-- Source records --
========================================================================

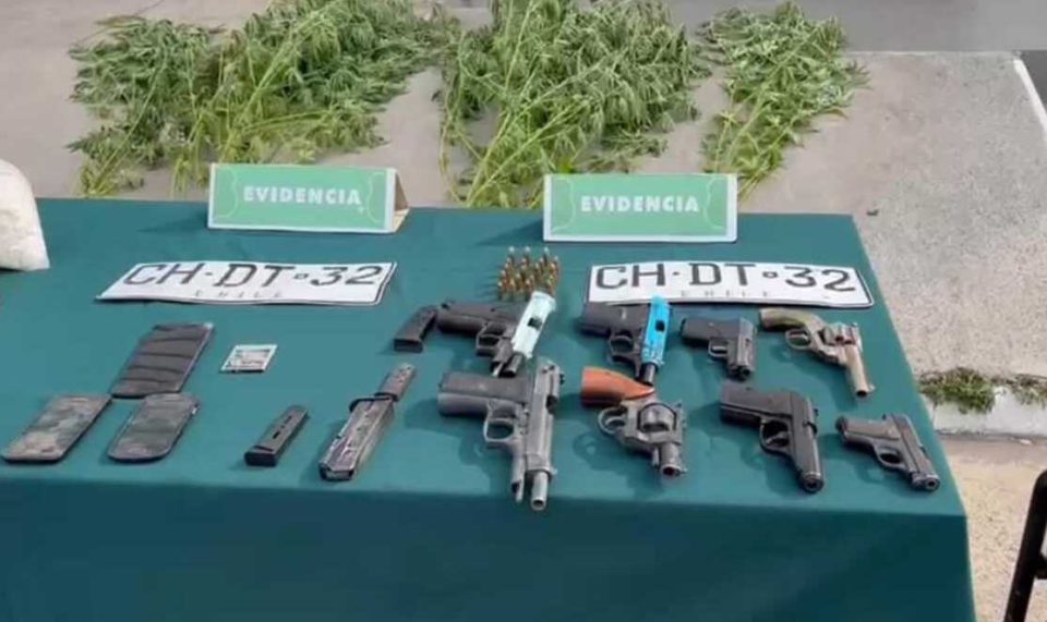 El Oficial agregó que tras la denuncia de robo en lugar no habitado comenzaron las diligencias de los Carabineros dando prontamente con el paradero de los antisociales, las especies sustraídas del robo y la cantidad de 7,4 kilos de pasta base de cocaína, cinco plantas de marihuana, un vehículo con encargo vigente por robo, ocho armas de fuego (tipo pistolas), 12 cartuchos de calibre 9 ML y 7 cartuchos de calibre 38 ML.
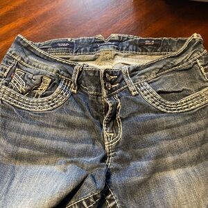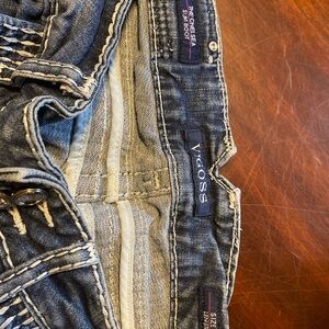 I altered the bottom of these so they do not flair at the bottom. These Vigoss jeans feature a medium-dark blue wash with a vintage-inspired worn look, highlighted by distinctive decorative stitching in a 'V' pattern. The ankle-cropped design and slim fit offer a modern silhouette, perfect for casual outings. I altered the bottom of these jeans so they do not flair.
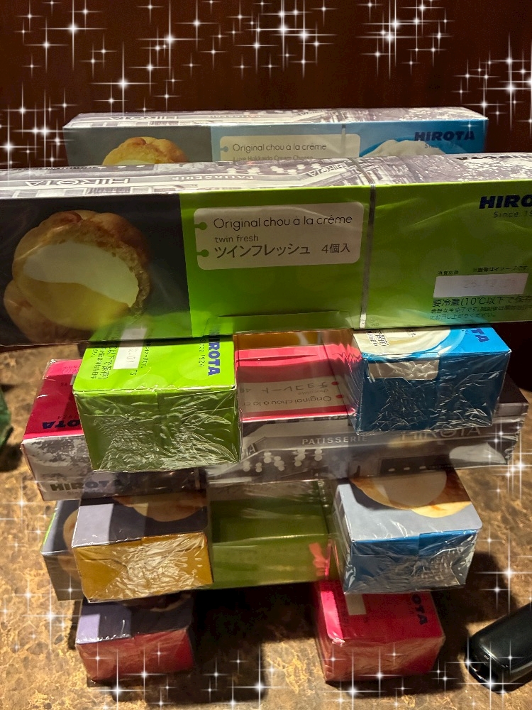 ツインフレッシュ、カスタード、チョコ、チーズクリーム4種類を皆でよばれましたが、りんりんは腹減り出勤したから多分1人で3箱はいっとるな。
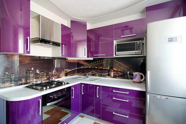Фартук – практичный и просто красивый выбор. Материалы – стекло либо плитка.
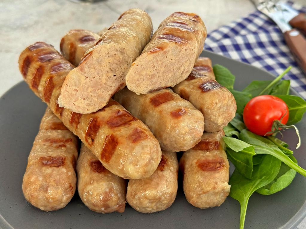 Готовые купаты переложить с электрического гриля на тарелку и сразу подать к столу.
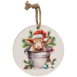 The Baby Santa Highland in a Bucket Ornament is a decorative hanger with a jute twine loop for easy display. Crafted from wood, the round ornament shows a whimsical baby Highland cow sitting in a silver bucket. The darling design features a white background, and green pine branches accent the scene. The cow wears a red and white Santa hat, and one blue and one pink ornament sit near the bucket. Measures 5” in diameter by .13” deep.
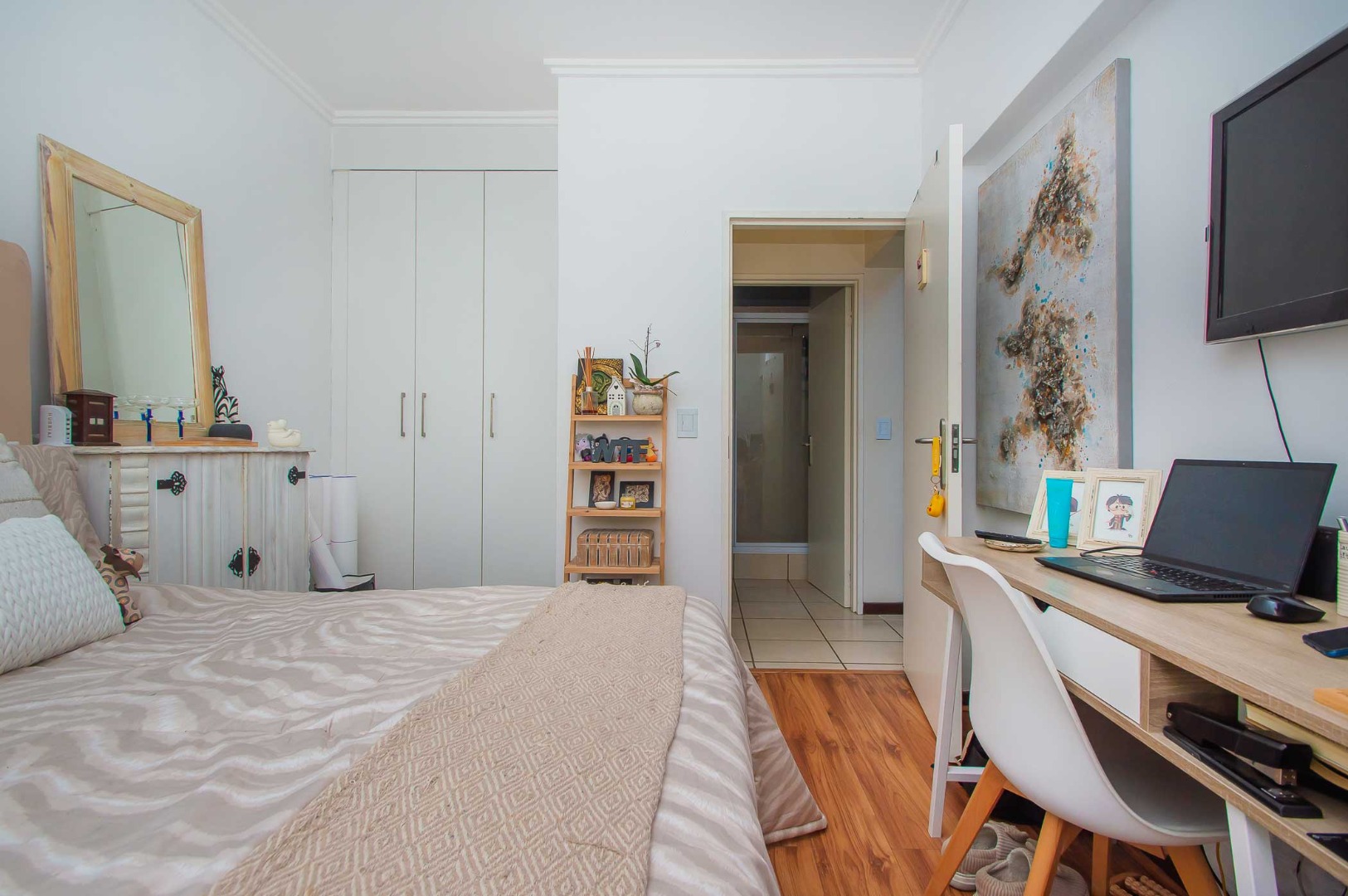 Step onto your private balcony, an idyllic setting for al fresco dining with a space for Braai, offering picturesque views of lush greenery and the vibrant purple hues of Jacaranda trees. The complex itself is a haven of leisure, featuring a sparkling swimming pool set amidst expansive, meticulously landscaped gardens. Residents can indulge in the communal barbecue area, complete with a shaded gazebo, perfect for entertaining guests. Ample covered parking ensures convenience and security.

========================================================================

-- Problem --
Please give an exact copy of the lines from the line containing "The Baby Santa" through the end of the records above, pictures excluded.

-- Your solution --
 The Baby Santa Highland in a Bucket Ornament is a decorative hanger with a jute twine loop for easy display. Crafted from wood, the round ornament shows a whimsical baby Highland cow sitting in a silver bucket. The darling design features a white background, and green pine branches accent the scene. The cow wears a red and white Santa hat, and one blue and one pink ornament sit near the bucket. Measures 5” in diameter by .13” deep.
 Step onto your private balcony, an idyllic setting for al fresco dining with a space for Braai, offering picturesque views of lush greenery and the vibrant purple hues of Jacaranda trees. The complex itself is a haven of leisure, featuring a sparkling swimming pool set amidst expansive, meticulously landscaped gardens. Residents can indulge in the communal barbecue area, complete with a shaded gazebo, perfect for entertaining guests. Ample covered parking ensures convenience and security.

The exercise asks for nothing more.